Lesson 82: Virtuoso Studies, Part 2 — Articulation Patterns
- Drill the four most common Baroque articulation patterns at performance tempo.
- Apply each pattern to a Telemann fantasia and listen for the change in line.
How a note begins matters as much as what note it is.
Baroque articulation in fast figuration is neither all-tongued nor all-slurred but a mixture chosen for the figure.

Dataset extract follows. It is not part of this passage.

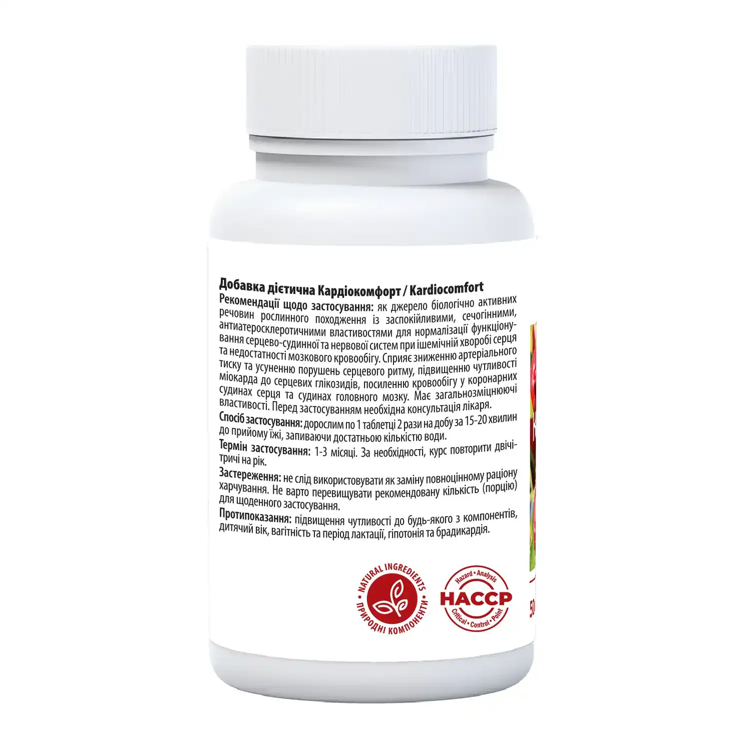 Рекомендації щодо застосування Кардіокомфорту: як джерело біологічно активних речовин рослинного походження із заспокійливими, сечогінними, антиатеросклеротичними властивостями для нормалізації функціонування серцево-судинної та нервової систем при ішемічній хворобі серця та недостатності мозкового кровообігу. Сприяє зниженню артеріального тиску та усуненню порушень серцевого ритму, підвищенню чутливості міокарда до серцевих глікозидів, посиленню кровообігу у коронарних судинах серця та судинах головного мозку. Має загальнозміцнюючі властивості. Перед застосуванням необхідна консультація лікаря.

These drills cycle through the four most common mixtures so each is available when a passage calls for it.
Pattern 1 — slur 2, tongue 2 (the “two-and-two”)
The standard pattern for running eighths: slur a pair, tongue a pair.
Pattern 2 — slur 3, tongue 1 (the “three-and-one”)
For dance movements: the slurred three roll forward into the tongued downbeat.
Pattern 3 — tongue 1, slur 3 (the “reverse”)
The mirror of Pattern 2 — tongued note first, slurred three trailing; more lifted.
Pattern 4 — all double-tongued
For fast continuous sixteenths only, when no other pattern fits.
The daily warm-up
Ten minutes per session, cycling through the four patterns:
- Two-and-two on a major scale at quarter = 96.
- Three-and-one on the same scale.
- Reverse three-and-one on the same scale.
- Double-tongued sixteenths on the same scale at quarter = 110.
Cycle daily for a month until the patterns are automatic.
Now play these
- Telemann: Twelve Fantasias, TWV 40:102
- Passages that benefit from every pattern above in sequence.
- Telemann: Twelve Fantasias, TWV 40:101
- Replay with deliberate pattern choices, varying by passage.
When all four patterns sit at performance tempo without conscious thought, and a recording of the same fantasia played with different pattern choices sounds audibly different from itself, move on to Lesson 83.